Military school in Pune, India

Shri Shivaji Preparatory Military School, Pune is a military boarding school in the heart of Pune city in India. In 1932, Rajaram III, the Maharaja of Kolhapur decided to use The Chhatrapati Shivaji Memorial Hall in Pune for the military school. The land of Shri Shivaji Preparatory Military School was donated by Shiledar Shirole (Patil) family who was one of the founding members of this school. The classes were started on 20 June 1932.

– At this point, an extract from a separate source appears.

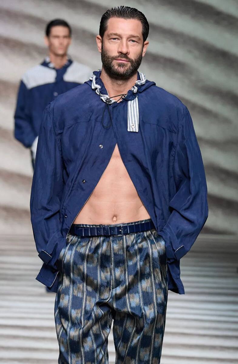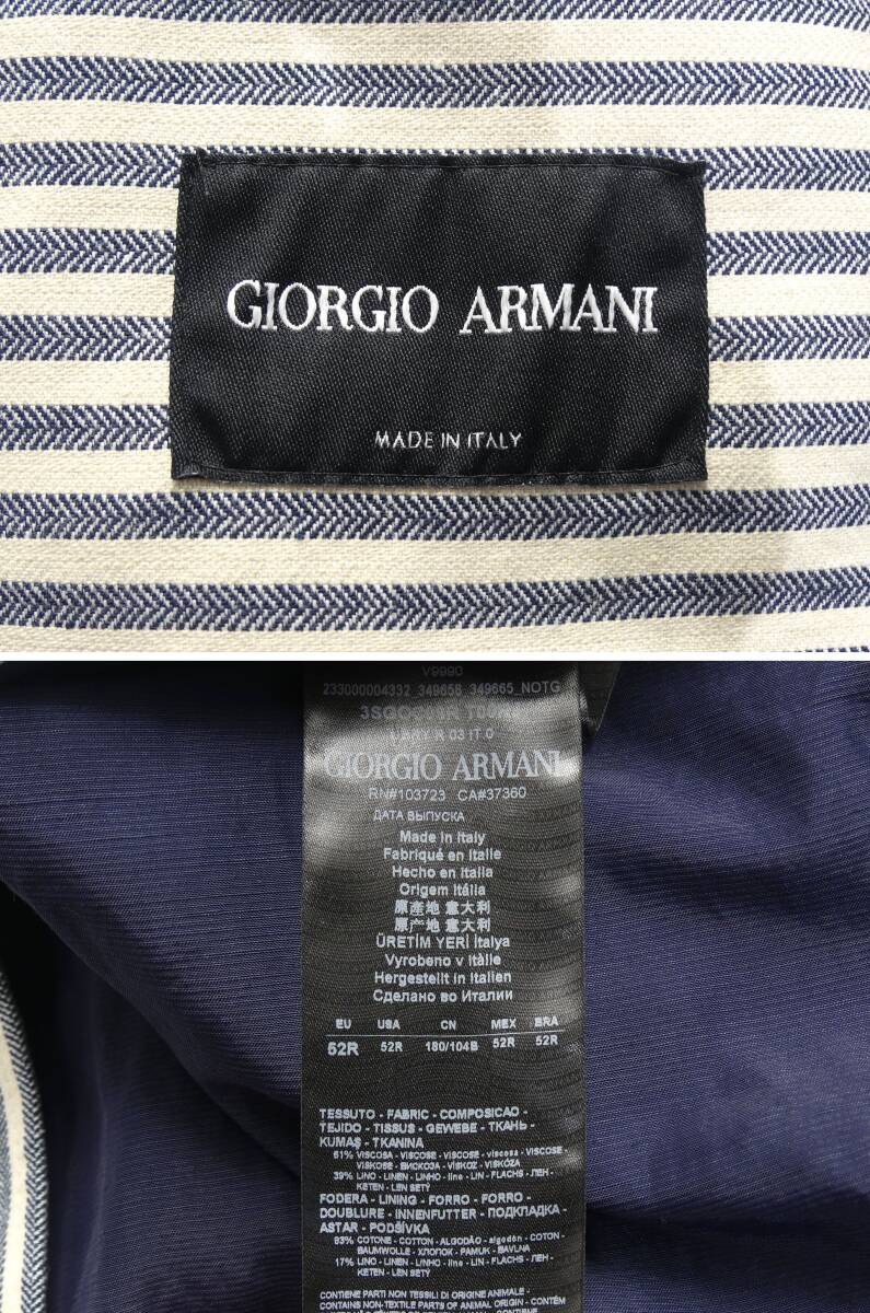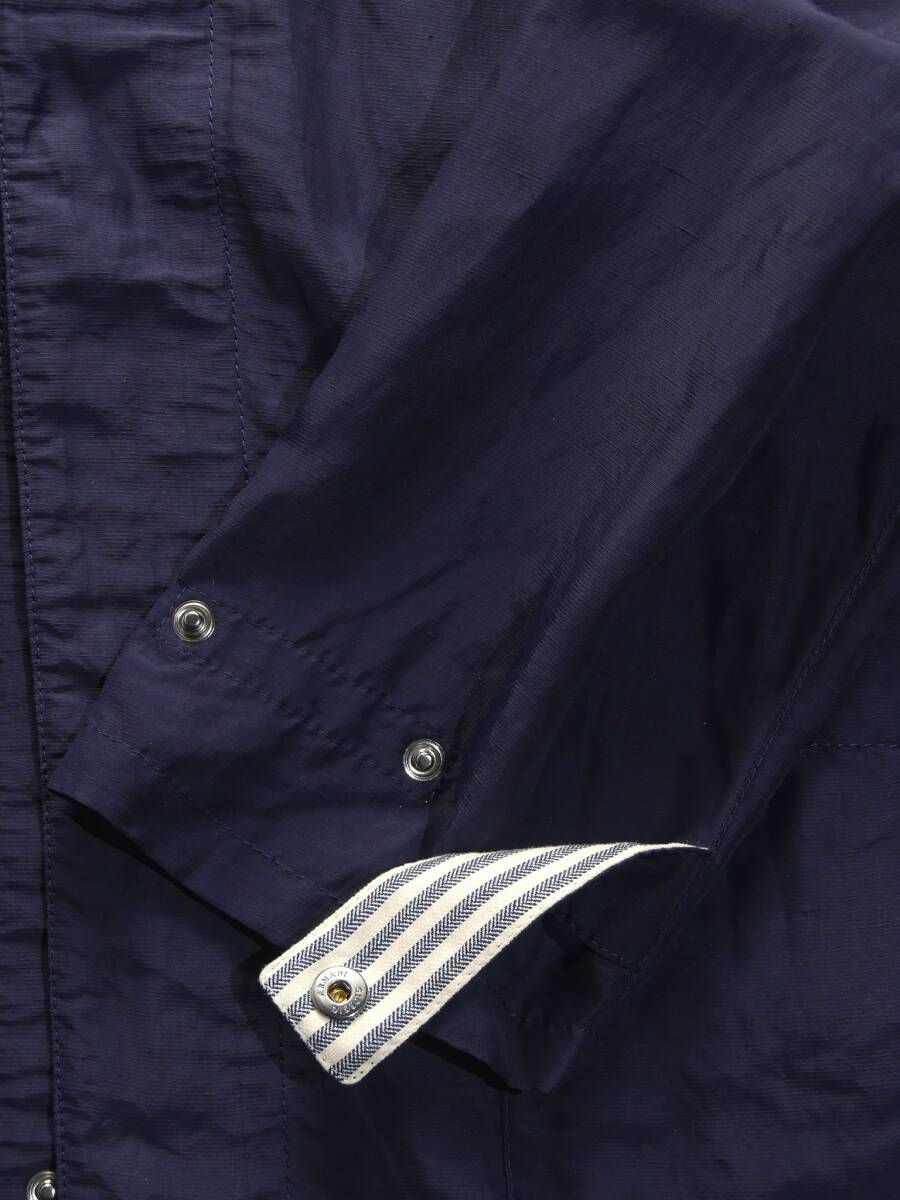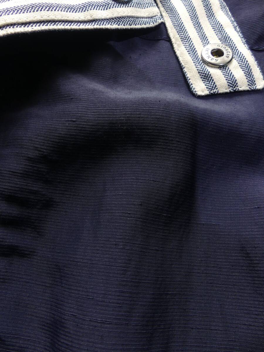 こちらはかなり薄手で軽量の清涼ジャケットです。最高峰ジョルジオの春夏ランウェイにも登場した貴重なコレクションピース。マウンテンパーカーのようなフィールド風カジュアルスタイル。清涼感のある紺色に、随所に施された白×紺ストライプのリボンがアクセント。キメ感が出すぎずに、ゆるくラフに着流せる感じが今の時代にぴったりのアウターと思います。方向性があまり無いタイプのジャケットですので合わせるパンツや靴をほとんど選びません。スニーカーとジーンズでも、革靴にスラックスでも、まず大抵は何でもコーディネイト出来ちゃいます。自分なりの着こなしアレンジをお楽しみください。着用時期は4月からになると思います。7月8月はさすがに無理ですが、10月まで使える春夏秋向けのアウターになります。

Boys of age 4–5 and 9–10 are admitted to the school. The school also allocates students of classes 1st to 4th and 5th to 10th in different buildings on the premises. An entrance test is held annually in April/ May for the academic session starting in June. The school shares its campus with The AISSMS College of Hotel Management and Catering Technology (HMCT). A girl's hostel for college-going girls aptly named The Jijamata Girl's Hostel and mess is placed near the college.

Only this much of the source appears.